Following the one-week suspension of the sittings of the Commission, three NGOs, active at the U.N. for years, did not mince their words. The American Association of Jurists (AAJ), the Europe - Third World Center (CETIM) and the International League for the Rights and Liberation of Peoples (LIDLIP) joined forces to denounce what they see as a subterfuge to hinder - indeed, to prevent — the work of this body.

Quoting paragraph 13 of the draft resolution on the creation of the Human Rights Council, these NGOs point out that it recommends that “the Economic and Social Council [ECOSOC] request that the Commission on Human Rights finish its work during its 62d session and then proceed to dissolve the Commission on 16 June”.

“Violation” of the due process

As the Commission’s parent body, the ECOSOC is the only instance competent to authorize a deviation from the Commission’s set program. The decision of the Commission’s member states thus constitutes a serious violation of the due process provided for when the Commission was set up. Worse, according to the press release, the “technical” reasons cited such as the lack of preparation are only an excuse, especially since this preparation falls to the High Commissioner for Human Rights, whose secretariat has undoubtedly carried out the tasks assigned to it.

Malik Özden from the CETIM was furious. “They want to wait! But what about the work? Two of most important long-term subjects under consideration, the Optional Protocol to the International Covenant on Economic, Social and Cultural Rights and indigenous peoples, risk being slowed up to a halt. And there is nothing to say that the suspension can’t be extended!”

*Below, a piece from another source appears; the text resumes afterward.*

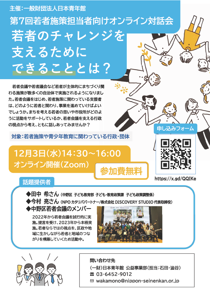 対 象:若者施策や青少年教育に関わっている行政・団体の方

In case of an extension, according to Özden, the world would find itself confronted with a shrunken “technical” session during which the Commission would “take note” of the reports and work of the special rapporteurs, without there being any debate or discussion whatever of the issues.

Avoiding the debate on Guantanamo

The guilty party, according to this triad, is the superpower, which sees in the suspension a means of avoiding a debate on the preliminary report recently published by five of the special rapporteurs on the situation at Guantánamo, a report that shows the United States in a highly unflattering light. The superpower is also far from kindly disposed toward the other two long-term subjects mentioned. Behind this stoppage is ferocious pressure exercised by Washington through an aggressive lobbying campaign.

Finally, the NGOs recall article 100 of the United Nations Charter which stipulates that “In the performance of their duties the Secretary-General and the staff shall not seek or receive instructions from any government or from any other authority external to the Organization. They shall refrain from any action which might reflect on their position as international officials responsible only to the Organization.”